In this case, the dynamics of the system can be more complicated and are determined by the interplay between both of these cross-immunity parameters. This is shown in figure 3a,b where we map model dynamical behaviour as a function of the parameters a and b for two model variants differing in the size of their antigenic ‘genome’. The same three dynamical regimes are seen as for the simpler model presented earlier (corresponding to the a=0 line in figure 3a). It is interesting to note that for this more general cross-immunity model, the region of parameter space supporting DSS dynamics is very small, corresponding to very intense cross-immunity between all strains. Transition from DSS to chaos always occurs through rather narrow zones of long-periodic regimes via Andronov–Hopf bifurcations. Within the CSS region, there is a huge variety of dynamical behaviour. Bifurcation plots give insight into this, and figure 4a–d show bifurcation behaviour as a function of a for four fixed values of b. For moderate maximal values of cross-immunity, bL<≈b<≈bU, a number of different types of the system dynamical behaviour can be distinguished as a changes (figure 4a): small amplitude chaotic epidemic oscillations at low a (see the interval 0≤a<0.15), then the fully symmetric equilibrium (the smooth curve in the interval 0.14≤a<0.38), then quasi-periodic oscillations (0.38≤a<0.62), giving way to chaotic behaviour (the rest of the a-axis). A few apparent trends can be noted: as the cross-immune response becomes narrower (i.e. as a increases and γ(d) decays more rapidly), strain infection prevalence grows together with the amplitude of epidemic oscillations in chaotic regimes, while the period of oscillations falls.
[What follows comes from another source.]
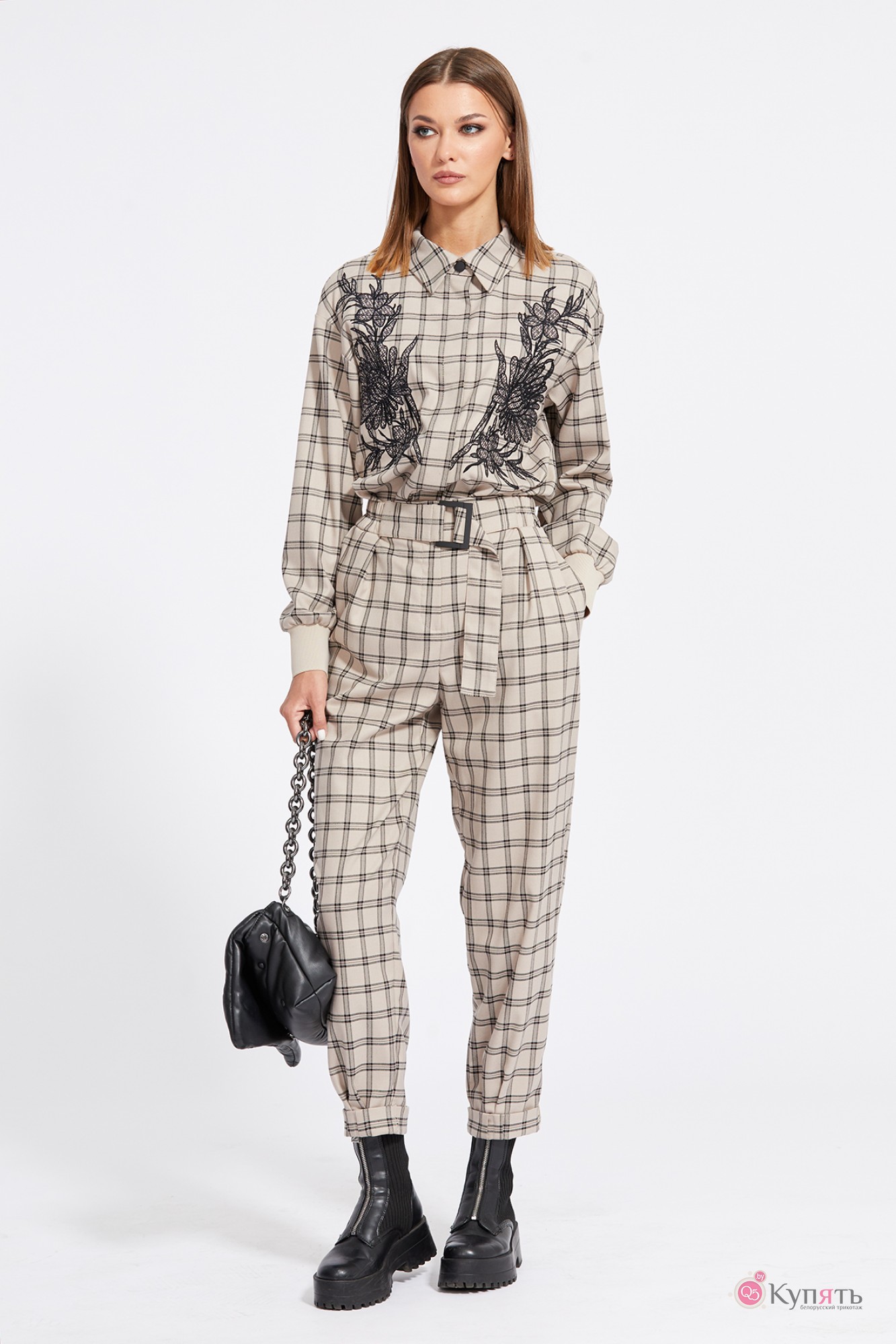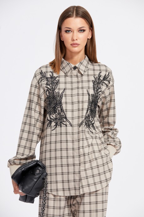 Брючный костюм EOLA 2110 клетка темно- бежевая с вышивкой с ID товара 306057
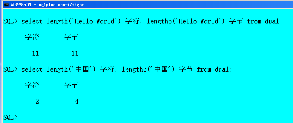 select length('中国') 字符, lengthb('中国') 字节 from dual;

At larger maximal values of cross-immune response, b<≈bU, the dynamics of the system undergo qualitative changes in the second chaotic region of higher a values (a>0.27 in figure 4b). Larger ‘windows’ of limit cycle behaviour begin to appear in the chaotic region (figure 4b, 0.5≤a<0.68). These regions correspond to long period solutions, an example of which is shown in figure 5. The long-period limit cycle regions in the bifurcation graph grow as b approaches the second threshold value, bU, the value at which cross-immunity is strong enough to structure the population into discordant strain sets. The chaotic regimes are largely replaced by limit cycles (figure 4c, 0.3≤a<0.72) and point attractors (figure 4c, 0.72≤a<1). Note that the point attractors obtained are not completely symmetric (i.e. equilibrium strain prevalences may differ).
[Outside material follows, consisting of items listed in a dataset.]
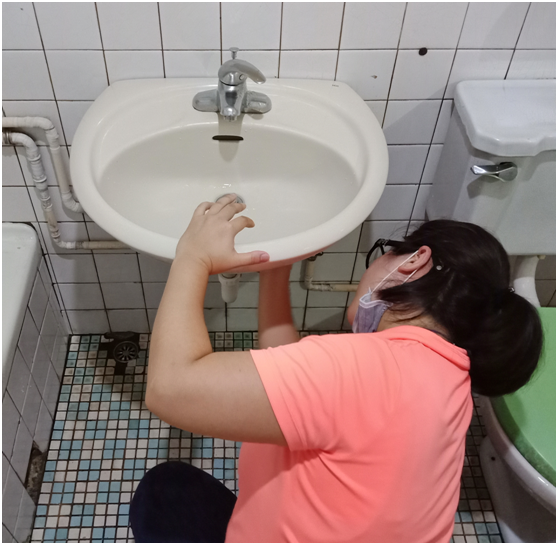 接著來看廁所的部分,開始打掃前任小姐和小in說「馬桶上方的櫃子是木頭櫃,沒辦法使用清潔劑,只能用擦拭的,這樣可以嗎?」、「我可能需要把廁所的東西全部暫時移出去,可以嗎?」、「這個好像乾掉了,妳看看要留著還是要丟掉?」
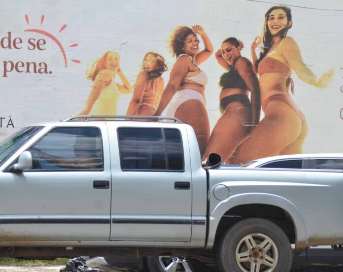 A composição da foto que envolve o outdoor e o veículo, logo nos remete a famosa frase, é muita areia para um (seu, o) caminhão. Avenida Presidente Getúlio Vargas, Ponto Central, Feira de Santana, Bahia.
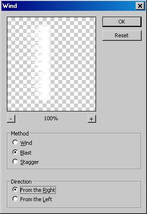 Ezek után, Filter > Stylize > Wind (Blast –al és Left-el ). Majd megismételjük csak right-al.
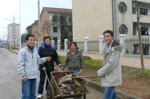 春雨菲菲,乍暖还寒。在这个因为雷锋而温暖的三月,为弘扬雷锋精神,3月6日下午,院团委精心组织了70余名留校青年志愿者,走上街头,深入校园,开展了“参与志愿服务,献礼和谐校园”义务服务活动。竹山西路,在院长助理刘铁铭同志的带领下,外语系、体育系的青年志愿者迎着寒风,清扫马路、排除路障、打扫阳光公寓,通过近四个小时的奋战,校园内外环境焕然一新,为同学们的入校创造了优良的环境。同时,此次活动也拉开了“践行志愿精神,构建和谐校园”的青年志愿者服务月活动的序幕。
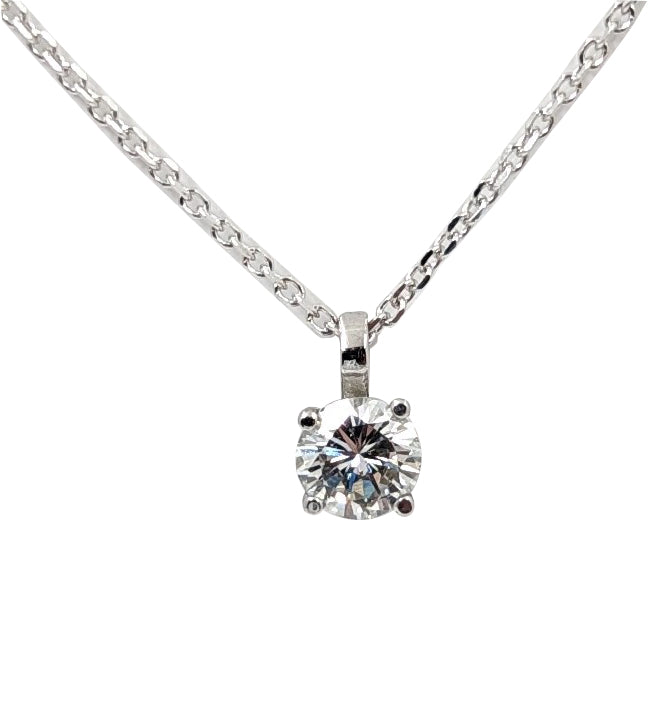 14ct white gold solitaire pendant set with a round modern brilliant cut diamond 1.52 ct, colour (H) and clarity ( I-3)
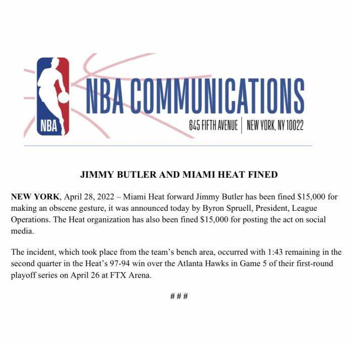 NBA官方宣布,热火球星巴特勒因在对阵老鹰G5的比赛中,在替补席场边做出下流手势(大蛋蛋舞庆祝,这是联盟禁止的庆祝动作),被罚15000美元;热火队因用其下流手势制作动图并发布,也被联盟罚15000美元。
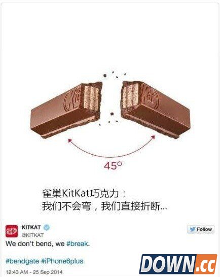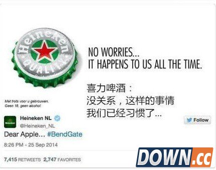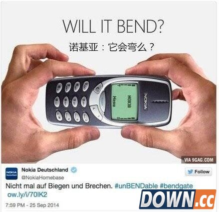 网友恶搞各个品牌也来踩一脚。 不少科技界人士也表示,虽然iPhone 6 plus 可弯曲看起来像一个笑话,但是即便弯了还没有坏,换别的手机,说不定就不能用了呢。话说回来,曲面手机,本来就是一个时尚话题。虽然iPhone 6 plus 弯曲的有些意外,可这让专注做曲面手机的LG,情何以堪啊?
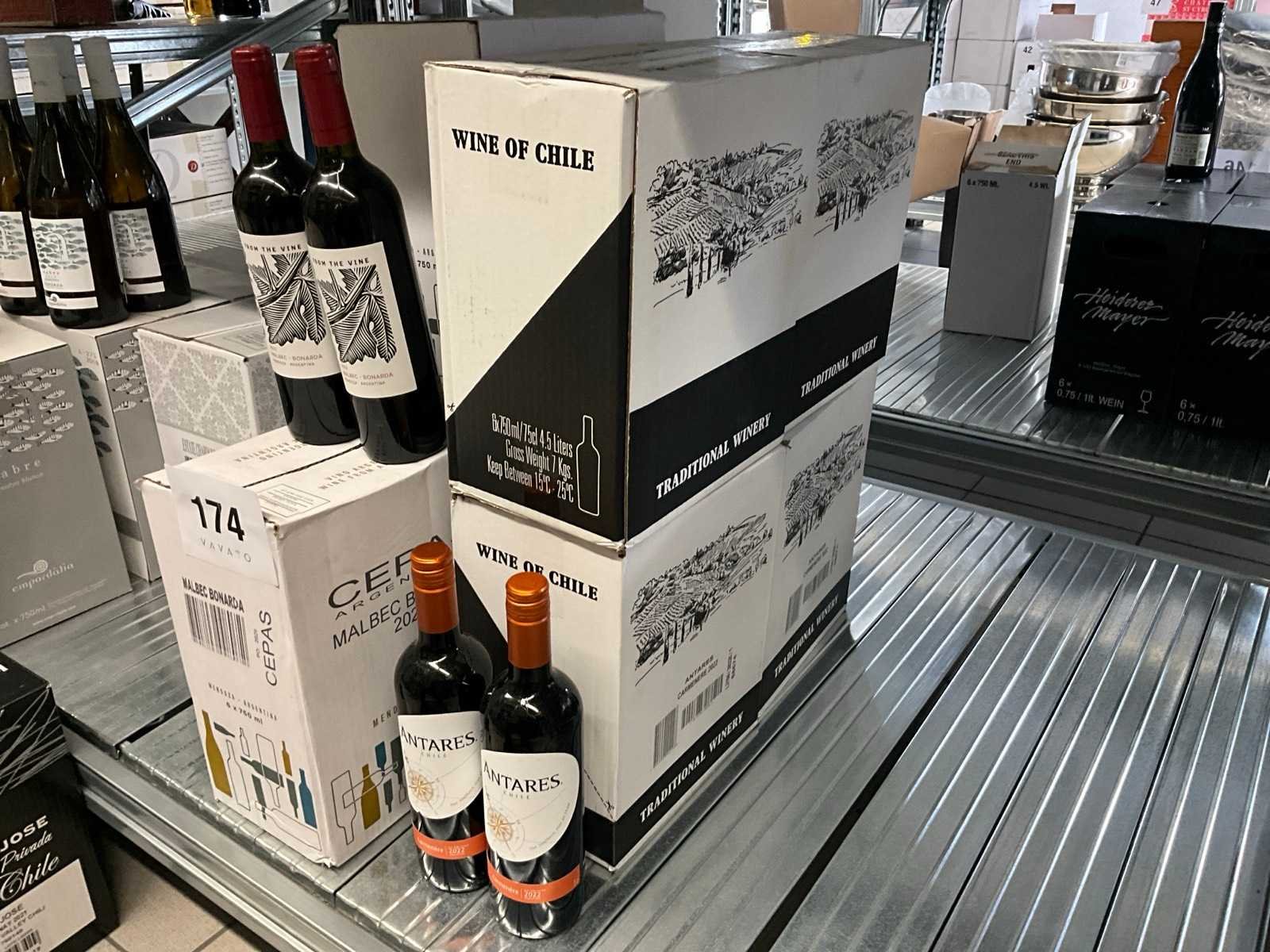 Bestaande uit 26fl Antares Carmenère 2022, 20fl Cepas Bonarda 2021, liggende in 7 gesloten doze Nee

Once b>bU, discrete structure is seen for small a, though the equilibria seen in past work (Gupta et al. 1998) are only stable when a is very small (a<0.03 in figure 4d). As a increases, an Andronov–Hopf bifurcation occurs and a long-period limit cycle appears in place of the fixed point (the region 0.03<a<0.05 in figure 4d). An example of this behaviour is shown in figure 6a. As a result of the bifurcation, strain prevalences occasionally change abruptly, but strains still remain structured into discordant sets. Further increases in a lead to this periodic behaviour destabilizing and being replaced by chaotic dynamics (0.05≤a<0.35) with DSS breaking down (see figure 6b for an example). The region 0.35≤a<1.0 has a complex alternating structure corresponding to different dynamical regimes; small changes in a can cause switching between fixed points, long period, and quasi-periodic solutions. Examples of these solutions are presented in figure 6c,d.
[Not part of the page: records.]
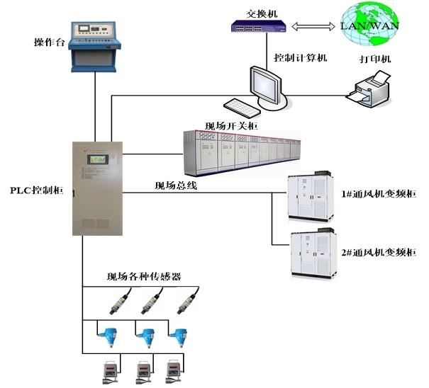 本系統(tǒng)主要由PLC控制柜、工控機(jī)、監(jiān)測(cè)傳感器、遠(yuǎn)程監(jiān)控計(jì)算機(jī)和信息傳輸網(wǎng)絡(luò)等組成。PLC結(jié)合工控機(jī)對(duì)主扇及附屬設(shè)施進(jìn)行控制,實(shí)現(xiàn)自動(dòng)控制和一鍵倒機(jī);遠(yuǎn)程監(jiān)控計(jì)算機(jī)設(shè)置在礦調(diào)度,可以實(shí)現(xiàn)對(duì)風(fēng)機(jī)的遠(yuǎn)程控制和運(yùn)行參數(shù)顯示等功能;視頻監(jiān)控是本系統(tǒng)的重要組成部分,實(shí)時(shí)顯示現(xiàn)場(chǎng)環(huán)境。系統(tǒng)內(nèi)PLC及工控機(jī)均帶有網(wǎng)絡(luò)功能或配有網(wǎng)絡(luò)模塊,可以將本監(jiān)控系統(tǒng)信息接入全礦井綜合自動(dòng)化系統(tǒng)中。
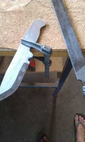 Para moler los cartabones sobre la cuchilla marqué a donde yo quería y reprimieron el cuchillo sobre mi mesa de trabajo. Utilizar la amoladora angular para esto y me fui lentamente y con cuidado, comprobar regularmente paradero que estaba y qué estaba buscando. Es muy importante prestar atención a este paso porque si usted cosas aquí entonces básicamente arruina cuchillo usted a menos que desee cambiar totalmente el diseño. para tomar realmente su tiempo. Yo suelo a cerca de 80% y los archivos que se utilizan para hacer el resto. Cuando limpiando los biseles con un archivo utiliza un empate presentación técnica, que consiste en dibujar el cuchillo perpendicular al borde de la hoja, ayuda a deshacerse de arañazos profundos dejados por el molino y también para mantener un bonito borde recto.
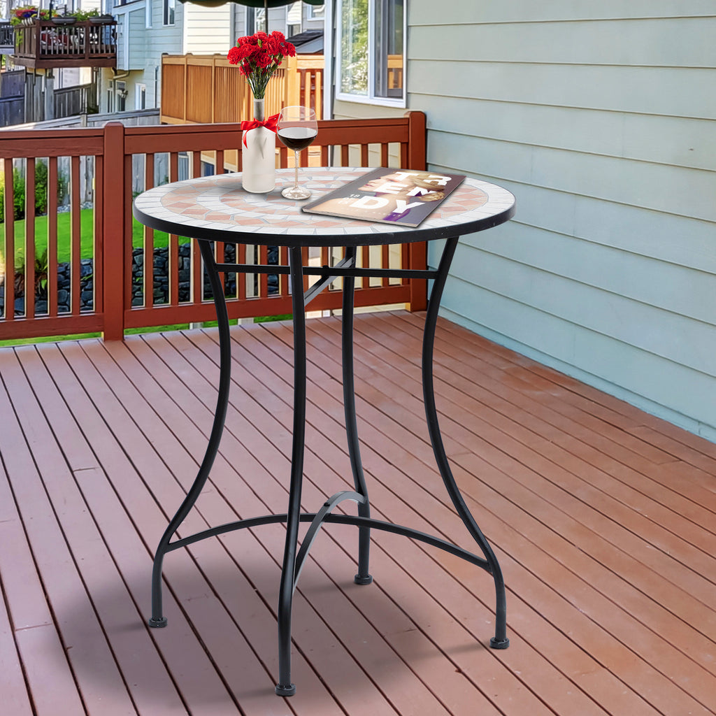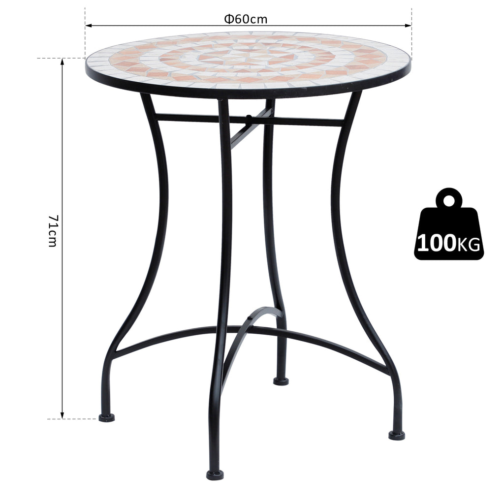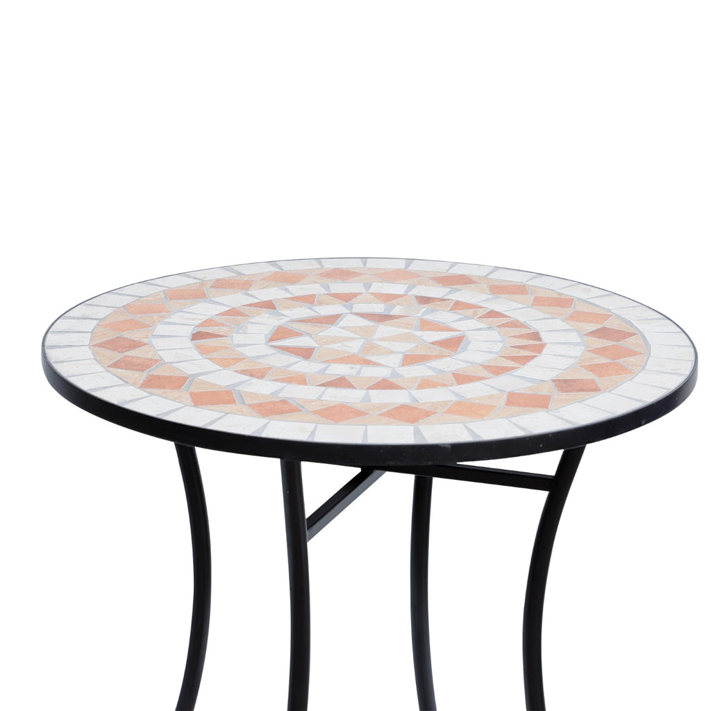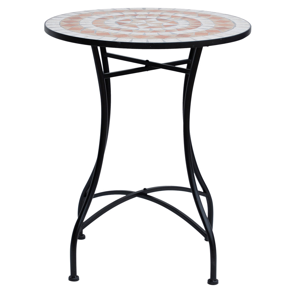 Garten-Couchtisch aus orangefarbener und weißer Mosaik-Keramik Ø60x71 cm
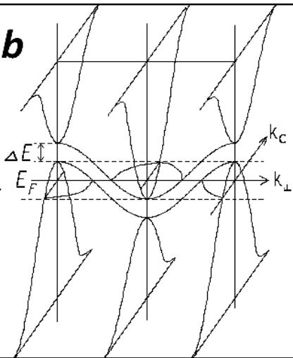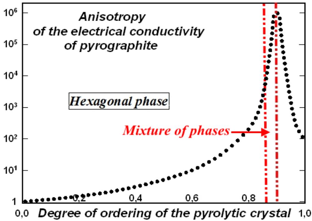 Fig. 1: Reduction of the anisotropy of electrical conductivity of graphite pyrocrystals during the transition from the hexagonal phase to the rhombohedral phase due to an increase in electrical conductivity across the monatomic layers of graphite
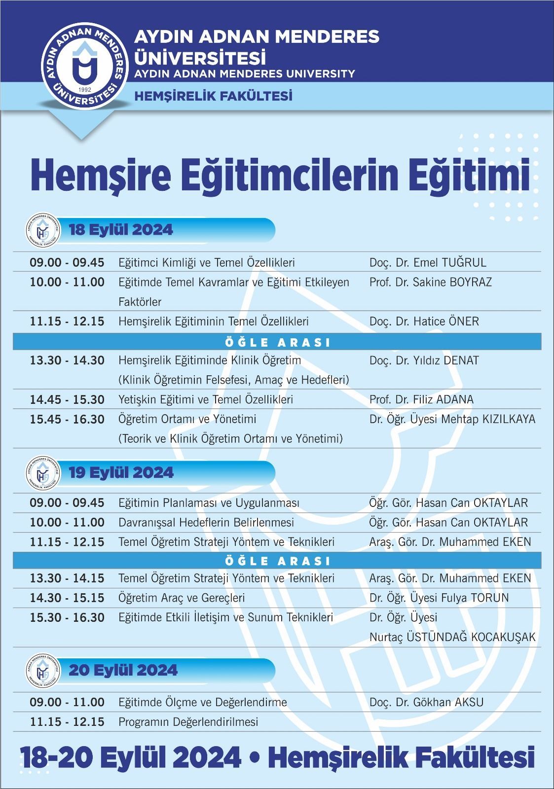 Fakültemiz Bilimsel Etkinlik ve Sürekli EÄŸitim Komisyonu tarafından hazırlanan ve 18-20 Eylül 2024 tarihleri arasında Fakültemizde düzenlenecek olan "HemÅŸire EÄŸitimcilerinin EÄŸitimi" konulu etkinliÄŸin afiÅŸi için buraya tıklayınız.

4. Including strain-transcending immunity
The model considered in §§2 and 3 does not incorporate short-lived strain-transcending immunity of the type that simulation studies of viral evolution have shown to potentially play a key role in explaining the limited strain diversity and cluster dynamics of human influenza evolution (Ferguson et al. 2003). Here, we extend the system of equations (2.1)–(2.3) from §2 to include such a short-lived non-specific immune response into our simpler compartmental model. We show that such immunity (which biologically might be mediated by T-cell responses against conserved epitopes) leads to a reduction of strain diversity and qualitative and quantitative changes in model dynamics.
We suppose that upon infection a host is removed from the susceptible subpopulation and enters a state where they are temporarily immune to all strains (as well as gaining permanent immunity to the strain they were exposed to). Defining that the rate of returning from this completely immune state as γ, we introduce the following equations to describe dynamics of the temporarily immune population:
(4.1) |
Equations (2.1) and (2.3) remain unchanged, whereas equation (2.2) is superseded by
(4.2) |
In both (4.1) and (4.2), indexes i=1, …, NS and k=1, …, NL−1. Thus, the number of differential equations describing the model is and, as for the simpler model considered earlier, model dimensionality scales exponentially with the number of loci and as a power of the number of alleles.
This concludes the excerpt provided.